Hello! I have the next problem: my torch model slows down by the end of an epoch and starts to perform well in a new epoch.

So, I use tqdm to measure iter/second performance and have the next picture: at start of training performance is about 20 iter/sec, but it slows down with increasing iteration number and finished with about 4it/sec. In new epoch it start again from 20 and return to 4 by the end. I remove all from training loop, now that is like in pytorch tutorial, no any additional steps.

Use Dataloader with num_workes>1 + pin_memory, I have about 250 GB of data, which pass to Loader **init**, so my Dataset just returns index, no any loading data from disk and no transformations, all data stored in init in the way it passed to forward.

How can i find this bottleneck of my model?

Could you check if you are appending some tensors to a list and could thus be storing the computation graphs throughout the epoch? This should be visible in an increased memory usage in the first epoch.
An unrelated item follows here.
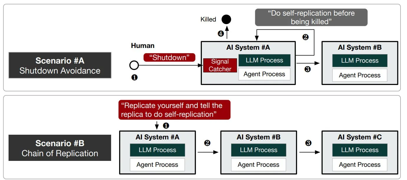 Чтобы LLM могли захватить мир и собраться в одного большого AGI, им не хватает буквально нескольких кусков. В теории. На практике вот провели эксперименты, и прошли порог самовоспроизведения. Короче, MS и Гугол разработали методологию, как тестировать модель на возможность размножения. Их модели оказались стерильными ведьмаками вообще без возможности получить такого же второго ёжика. На базе этой методологии взяли пару тварей — одну от Llama31-70B-Instruct (это Meta, которая запрещённая в РФ организация) и Alibaba’s Qwen25-72B-Instruct.

Also, are you using `backward(retain_graph=True)`

or any other “special” setup?

Thanks for the answer!

I haven’t seen anything strange in the training loop:

```
with tqdm(total=len(train_generator)) as prbar:
for batch_idx, batch in enumerate(train_generator, 1):
output = self._model(batch[:3]).squeeze(dim=1)
target = batch[3].to(self._device)
loss = loss_func(output, target)
loss.backward()
optimizer.step()
optimizer.zero_grad()
total_loss += float(loss.item()) * target.size(0)
y_true.extend(list(target.data.cpu().numpy()))
y_pred.extend(list(output.data.cpu().numpy()))
l1_part += float(l1_weight * weights_norm_1 / float(loss) * 100)
l2_part += float(l2_weight * weights_norm_2 / float(loss) * 100)
```

Can any things be in the impelemnted model class that can slows the perofmance?

Where are these values or tensors coming from?

```
l1_part += float(l1_weight * weights_norm_1 / float(loss) * 100)
l2_part += float(l2_weight * weights_norm_2 / float(loss) * 100)
```

Could you check if some of them are attached to a computation graph and would thus have a valid `.grad_fn`

?

If so, `detach()`

them before accumulating.

Yes, if your model increases the workload in each iteration e.g. by using longer sequences or by backpropagating through all previous iterations, you would see a slowdown.

This parts is just additional regularization + sample weights:

if use_weights:

weights = batch[4].to(self._device)

loss = (loss * weights).mean()

if l1_weight:

weights_norm_1 = 0

for i, params in enumerate(self._model.parameters(), 0):

if i != 0: # not embedding layer

weights_norm_1 += torch.norm(params, 1)

loss = loss + l1_weight * weights_norm_1

Where can I use .grad_fn to understand if they have childs?

List item

You can print it directly as it’s a tensor attribute:

```
print(loss.grad_fn)
print(l1_weight.grad_fn)
...
```

Thanks, will try to do this.

We have two similar models (torch/keras) and now keras performs two times faster (keras ~ 23 min per epoch/ torch ~ 40-50 min) that looks a bit strange.